Chinese-American entrepreneur (born 1953)

Charles Bi-chuen Xue (薛必群 (Xuē Bìqún)) is a Chinese-American entrepreneur and angel investor, better known by his screen name Xue Manzi. He was one of the founders of UTStarcom, the Chairman of 8848 Electronic Commerce Network, the Chairman of Prcedu.

==Biography==
Xue was born in Guangdong Province in 1953. His father, Xue Zizheng, was the vice minister of the United Front Work Department. During his childhood, Xue lived in Toufa Hutong, Beijing. In 1966 when Xue was thirteen years old, the Cultural Revolution was launched by Mao Zedong, during which his father Xue Zizheng was isolated and jailed.

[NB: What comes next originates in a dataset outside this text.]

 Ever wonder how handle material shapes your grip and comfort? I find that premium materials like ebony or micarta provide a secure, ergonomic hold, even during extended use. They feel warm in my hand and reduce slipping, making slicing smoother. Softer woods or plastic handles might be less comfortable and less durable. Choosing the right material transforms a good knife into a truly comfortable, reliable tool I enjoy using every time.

Two years later, Xue went to Urad Front Banner to work as a Sent-down youth in the Down to the Countryside Movement.

In 1976, Xue worked at Wenwu Publisher as an editor, and started to learn English from Xiao Qian, Shen Congwen and Li Jianwu. He translated the White House Guard into Chinese with his friend and got 468 yuan.

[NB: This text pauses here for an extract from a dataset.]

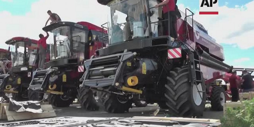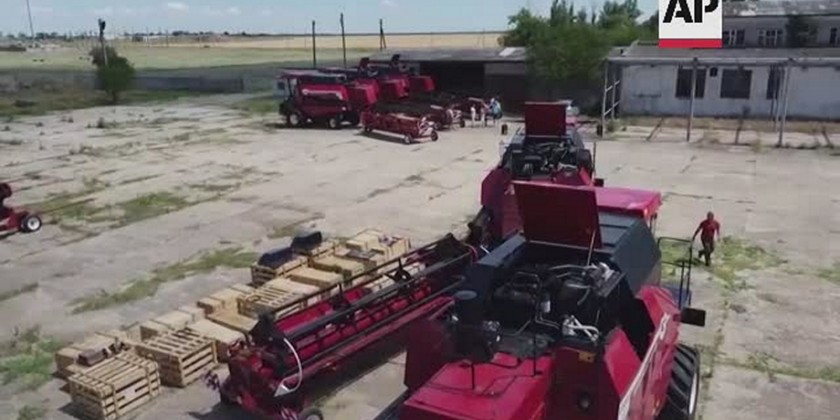 The first of the 85 planned Russian and Belarusian-made machines are headed to the area where few functioning equipment was left after a few months of Russia's occupation. A representative of Zaporizhzhia military administration who refused to identify himself said that the contribution should not interfere with Crimea's own harvest.

In 1978, Xue was accepted to the Chinese Academy of Social Sciences, he entered UC Berkeley in 1980, and he made the acquaintance of Masayoshi Son, Lu Hongliang, and Stan Lai. Before graduating, Xue was employed in New York City. After graduating, Xue worked in ThyssenKrupp. In June 1991, Xue returned to Beijing, he founded Unitech with Lu Hongliang and Wang Zuguang.

In 2011, Xue founded 8848 Electronic Commerce Network. In 2008, Xue settled back in Beijing with his wife and children. In August 2013, Xue attended a meeting which was convened by Lu Wei, the Chairman of the State Council Information Office.

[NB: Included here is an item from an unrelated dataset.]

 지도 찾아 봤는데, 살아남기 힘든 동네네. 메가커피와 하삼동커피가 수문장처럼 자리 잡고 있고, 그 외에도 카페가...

On 23 August 2013, Xue was arrested for soliciting a prostitute by the Beijing Municipal Public Security Bureau. But Xue's real offense was his custom of sharing his ideas about corruption and political reform with his more than twelve-million followers on Weibo. Xue's arrest is regarded as part of China authority's plan to take back control of public opinion online. Later Xue apologized on CCTV, explaining that he came across prostitution while working abroad in countries like Thailand and the Netherlands. In his public apology, he explained that he often "did not verify the facts very thoroughly," "did not give constructive advice or opinion," and "focused simply on spreading the message" in his Weibo posts that he said were "full of emotion." Xue was released on bail in April 2014 "because he was sick," according to the Beijing police.